Pintu kamar Jena terbuka seketika. Jena terkejut, langsung mematikan sound speakernya dan menatap manusia siluman Gorila yang tiba-tiba mendobrak pintu kamarnya dengan kekuatan bulan.

"Hei! Apa yang kau lakukan?! Kau merusak pintu kamarku!"

"Dan kau merusak indera pendengaranku!!!" bentak Jihan emosi seraya melempar bantal gulingnya ke wajah Jena. Jena mengaduh.

"Kenapa tak minta aku matikan musiknya dengan baik-baik?! Kau pikir aku tak bisa mendengar!?"

"AKU TAK AKAN MENDOBRAK PINTUMU KALAU KAU SUDAH MEMBUKAKAN PINTU YANG KU KETUK SEJAK TADI!" balas Jihan emosi. Ia mendekati Jena dan memukuli sepupunya itu dengan sarkas. Bukannya takut, Jena malah tertawa kencang seiring umpatan-umpatan Jihan yang terlontar karenanya.

"Ugh! Kau sangat mengesalkan! Untuk apa malam-malam membuat bising!? Ganggu orang mau tidur saja!" omel Jihan tak tertahankan.
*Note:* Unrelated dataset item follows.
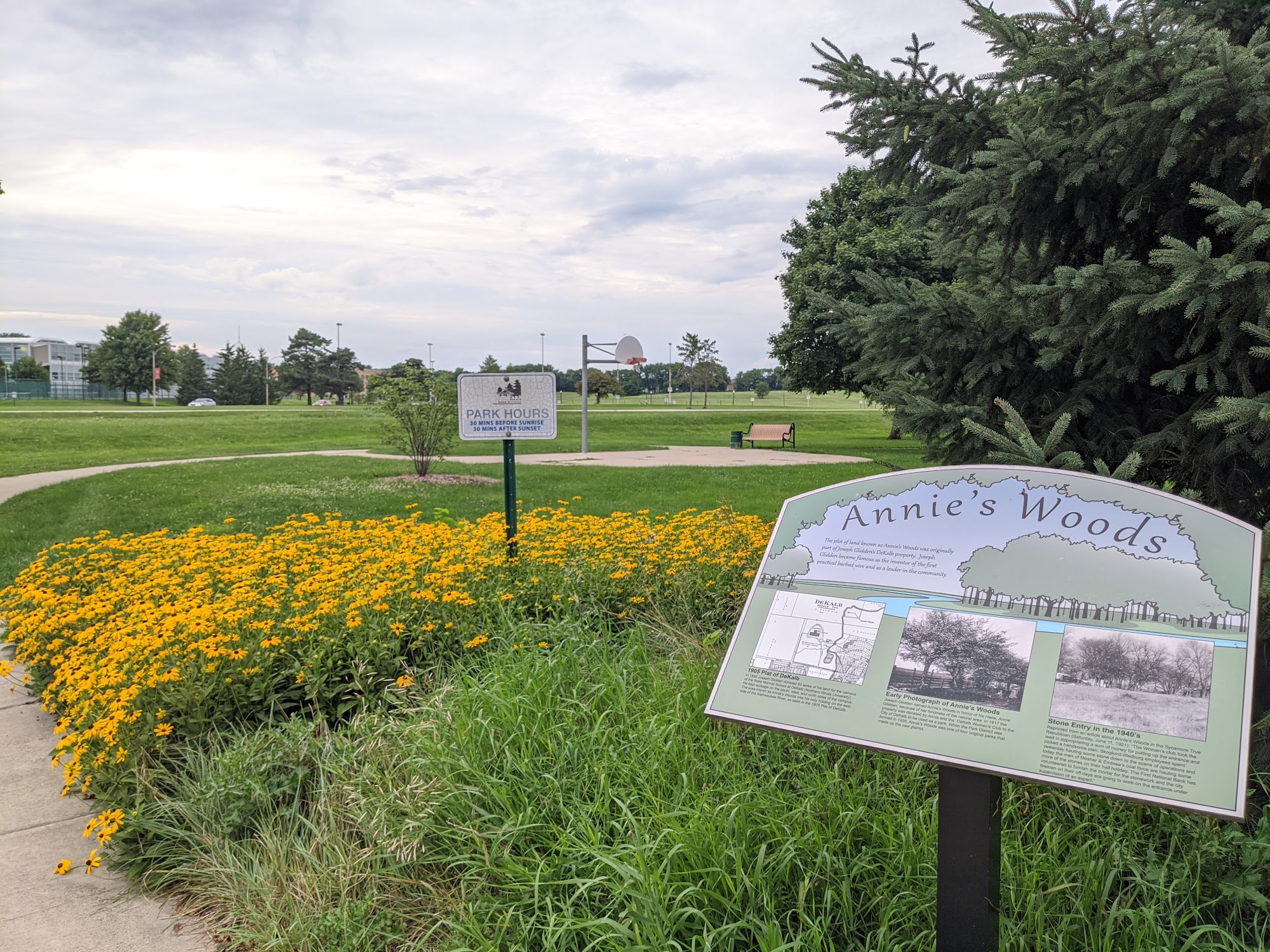A pleasant little park, though the name is poorly chosen. I don't think they're more than a dozen trees there. That said, it's right by the NIU campus, has facilities for sports and picnics and is up against the Kishwaukee River. So there's plenty to enjoy.

Ia sudah mengantuk sejak tadi siang di sekolah namun tak bisa tidur karena terhalau tugas dan kegiatan ekstrakulikulernya.

Ayah Jihan--Paman Han--sedang pergi ke luar kota bersama istrinya untuk menengok peternakan ayam yang mereka bangun di kota sebelah. Maka dari itu, Jihan menginap di rumah Jena beberapa hari sampai orang tuanya kembali pulang. Tapi, harapan kalau Jihan bisa dengan tenang beristirahat di rumah sepupunya adalah bohong. Nyatanya Jena hanya akan mengganggu aktivitas tersederhananya sekecil apapun, tidur malam misalnya.

Jena memohon ampun, "Sudah! Sudah! Cukup. Aku minta maaf! Janji sehabis ini akan ikut tidur!"

"Huh! Awas saja kau. Nanti ku adukan ke Paman supaya di hukum!"

"Wuuu. Tukang ngadu!" sorak Jena pada sepupunya yang di balas cibiran.

Jihan berdiri, mengambil bantal gulingnya dan pamit untuk kembali ke kamarnya. Dia sudah mengantuk, dan Jena menghancurkan mood tidurnya.

"Dadah! Selamat malam, Jihan. Semoga mimpir buruk!" ucap Jena seraya menutup pintu kamarnya sambil terkekeh. Jihan tak menanggapi perkataan laknat itu. "Untung engselnya tidak ada yang lepas," gumam Jena.

Kau pernah dengar kalau doa-doa yang buruk itu akan berbalik arah menuju ke diri sendiri? Jena Paramita, sepupu dari Jihan Hanmita itu menyesali perkataannya sendiri.

Malamnya, Jena bermimpi. Mimpi buruk yang tak ingin ia ingat selamanya karena mimpi itu seperti menceritakan sesuatu yang kelam. Dimana cerita itu menjadi alasan, sebuah kepompong gagal berubah menjadi kupu-kupu yang indah.